[EXERCISE DIRECTIONS]: Repeat the listing below exactly from the line with "Rобщ=R1+(1/(R2+R4+R5)+1/R3)^-1; Rобщ=1+(1/(1+8+1)+1/10)=6 Ом" through its last line. Skip every picture.

[INFORMATION SUPPLIED]:
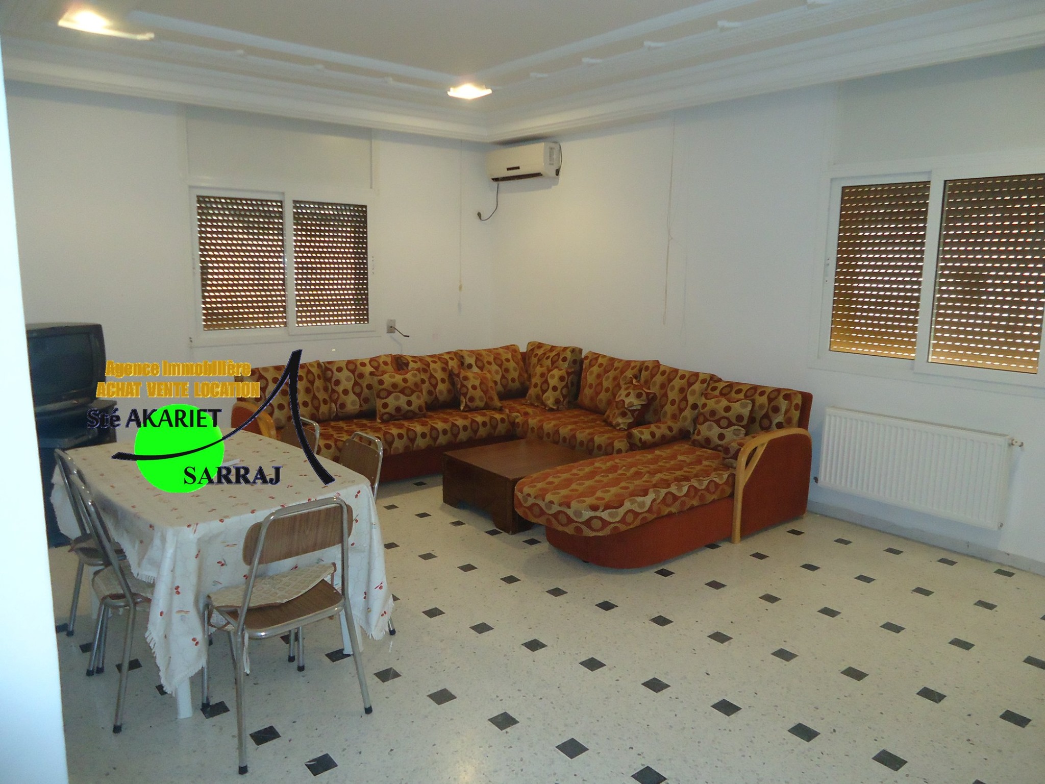 un appartement S+2 Sans Meuble... Type d'annonce : location Nature d'annonce : Offre Surface : 0 Prix : 600 Ville : Sousse Adresse : Derriére Monoprix Hammem Sousse Date : 26-07-2021 >>> détail
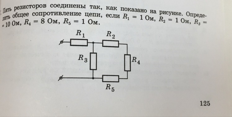 Rобщ=R1+(1/(R2+R4+R5)+1/R3)^-1; Rобщ=1+(1/(1+8+1)+1/10)=6 Ом
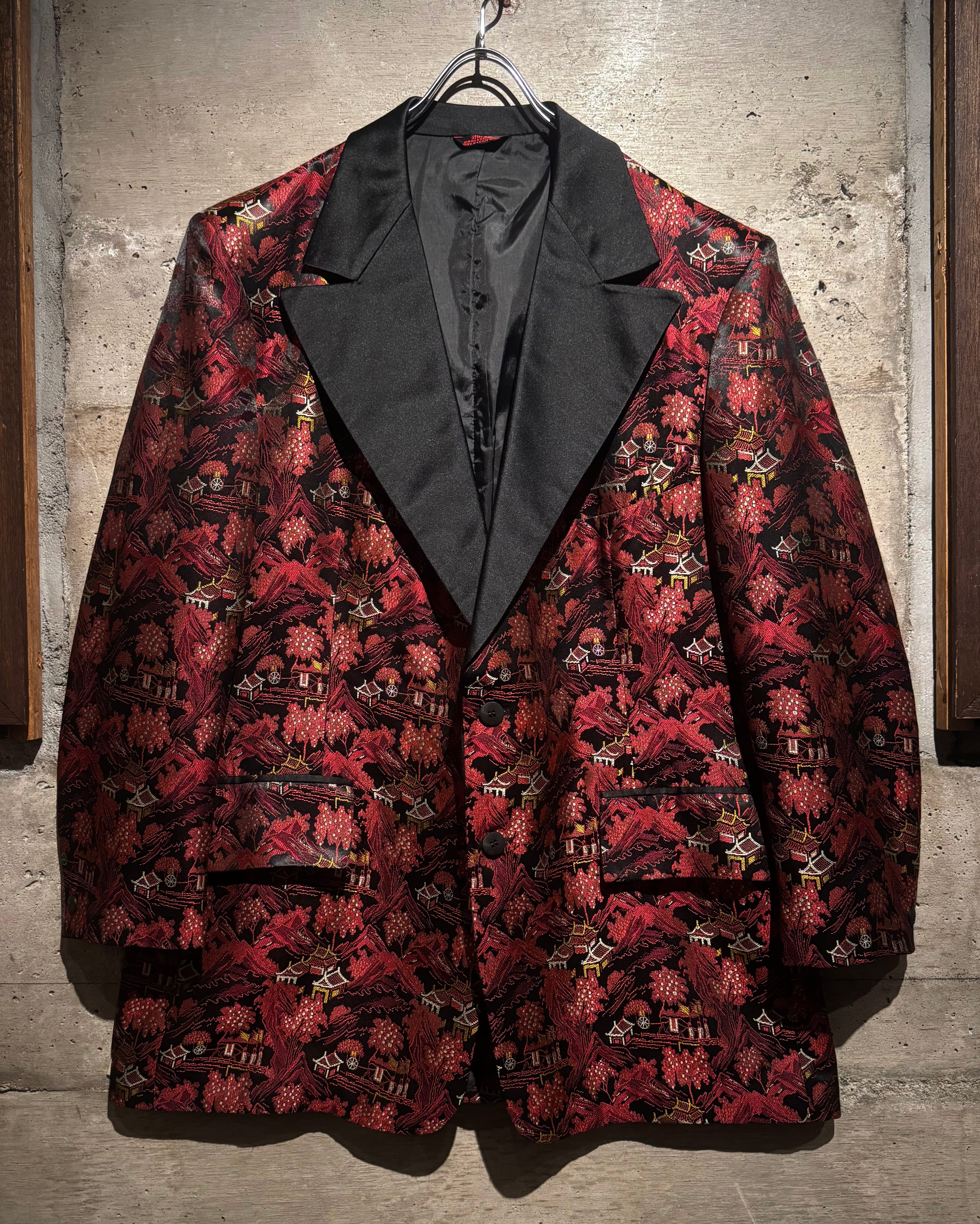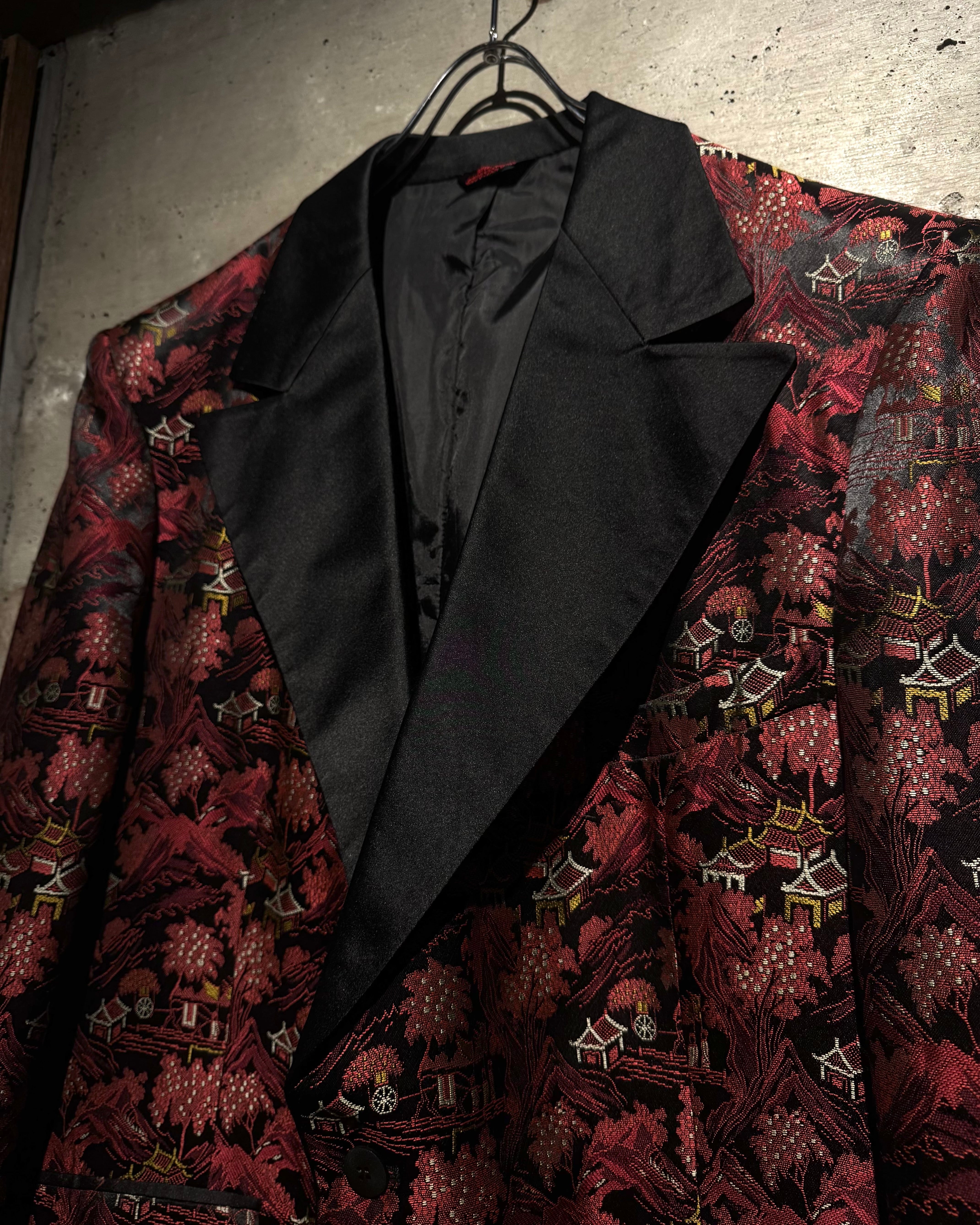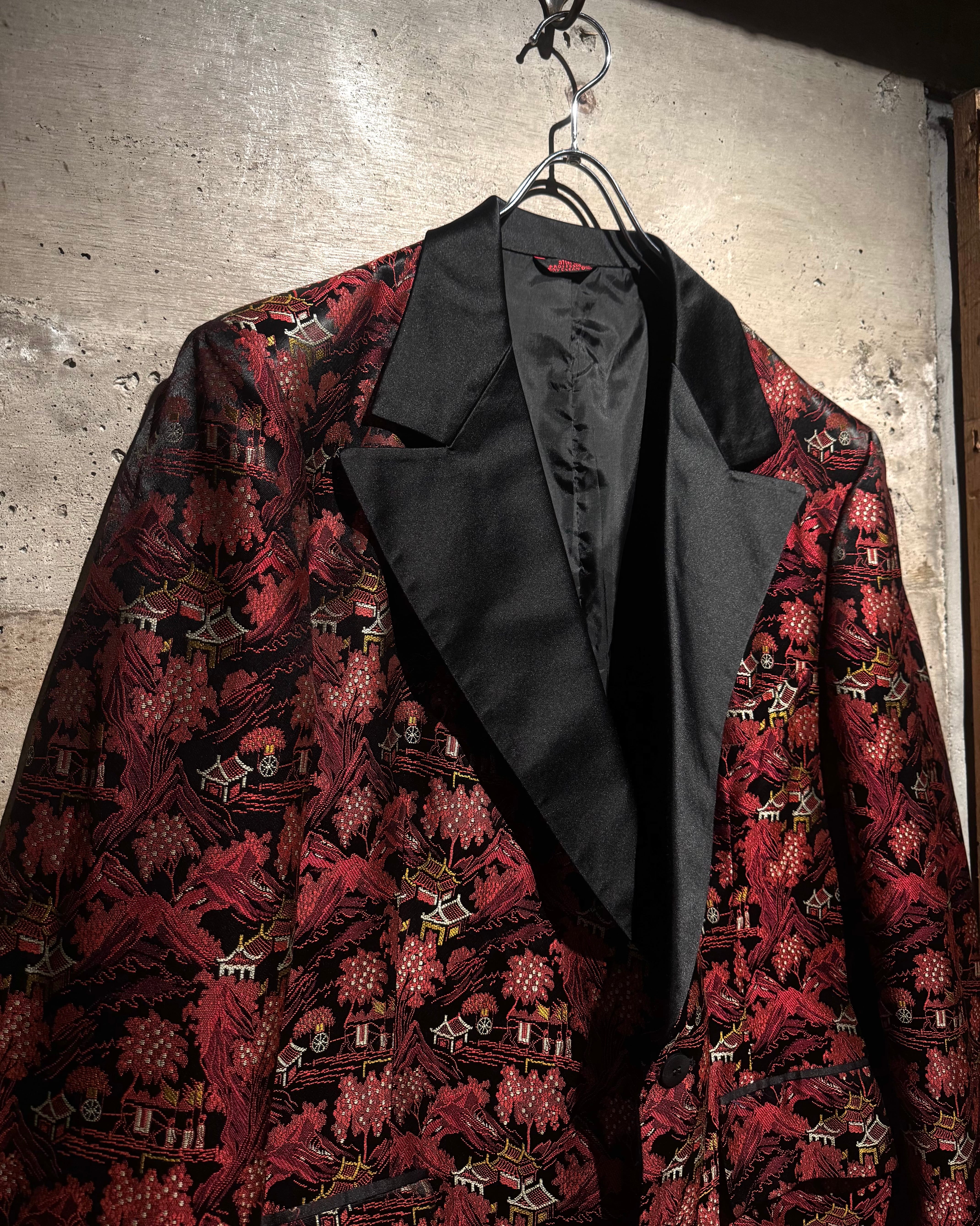 ハリのある艶やかな光沢を帯びたボディをベースに、全体へ織りで表現されたオリエンタルな総柄が目を惹く一着。

[REPLY]:
 Rобщ=R1+(1/(R2+R4+R5)+1/R3)^-1; Rобщ=1+(1/(1+8+1)+1/10)=6 Ом
 ハリのある艶やかな光沢を帯びたボディをベースに、全体へ織りで表現されたオリエンタルな総柄が目を惹く一着。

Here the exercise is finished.